Jeff Zimmermanmember
3 years ago
Reply to  Mike Podhorzer

You don’t keep your LABR draft standings?

couthcommander
3 years ago
Reply to  Mike Podhorzer

Because you’re using average dollar price, there’s a super long tail of cheap players ($4 or less) that would almost all cost $1 in a live draft. I think that’s one possible explanation of how your optimized team can’t really match a stars and scrubs approach. If you assume some extra value (say two players you value at $6 that average $4 but might only cost $1), you’d have an extra $10 to invest in a player(s) with worse profit but better stats.

Werthlessmember
3 years ago
Reply to  Werthless

If you were trying to maximize profit, your roster would have a lot of $1 players… based on distributions posted in other articles, the expected value of some $1 players is $5. That not only gives you a great margin, but gives you a good profit per player. The problem is that if you filled out your roster this way, you’d use a fraction of your budget, and your overall expected value would be too low. You’d spend less than $100, and might get $200 in value. This is why I was suggesting that your manual approach, of focusing on $10 players, might not be producing the stacked roster that you would expect… you should seek out the low value contributors. To fill out out a lineup that competes in all categories, you may need to pay sticker price on players who also contribute steals (eg. Acuna). You may not earn the highest profit, but your expected roto rankings might be higher.

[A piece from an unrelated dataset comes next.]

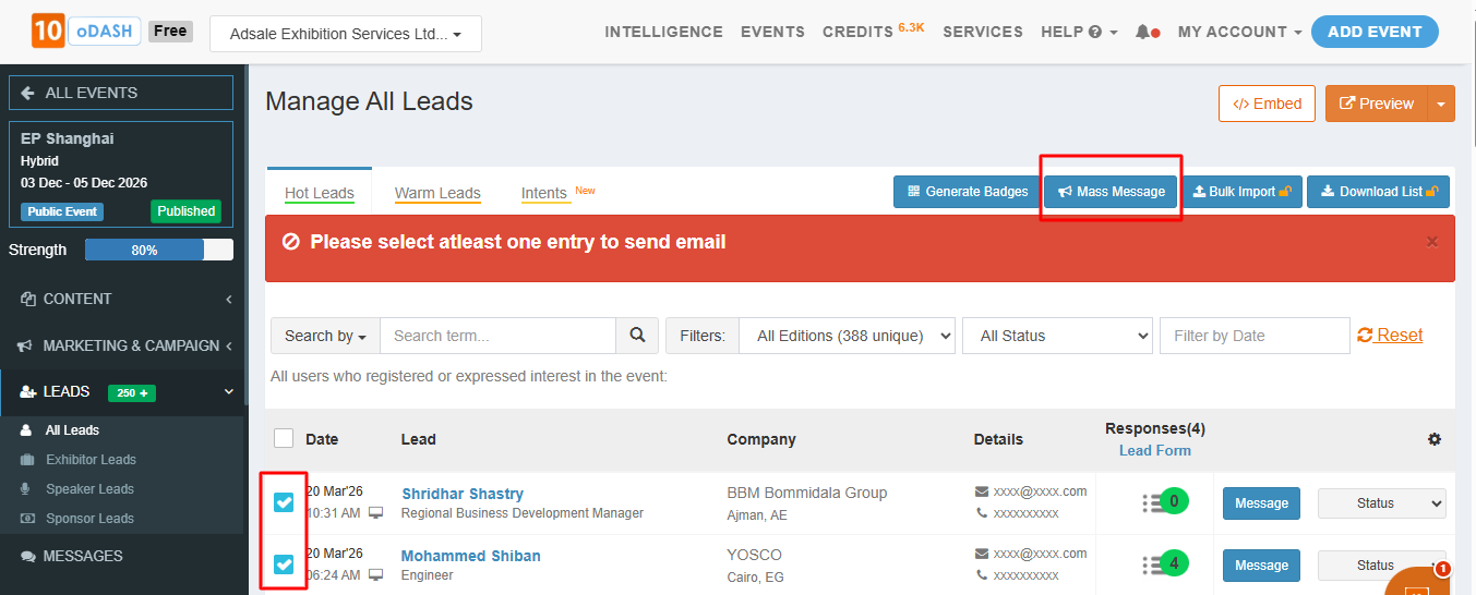 The users who have filled in complete profile details while registering for the event, only they will show under visitors list above. Mass message can be sent only to them.

As another commentator said, if you have a dataset with expected profits and cost per player, you could either solve for it, or run a simulation with certain constraints, to figure it out. Even more interesting, perhaps, if you were maximizing roto points using data on average standings values.

Edit: For example, Arenado+Blackmon might underperform Cron+Acuna, even if Acuna expects to produce the lowest profit of the 4.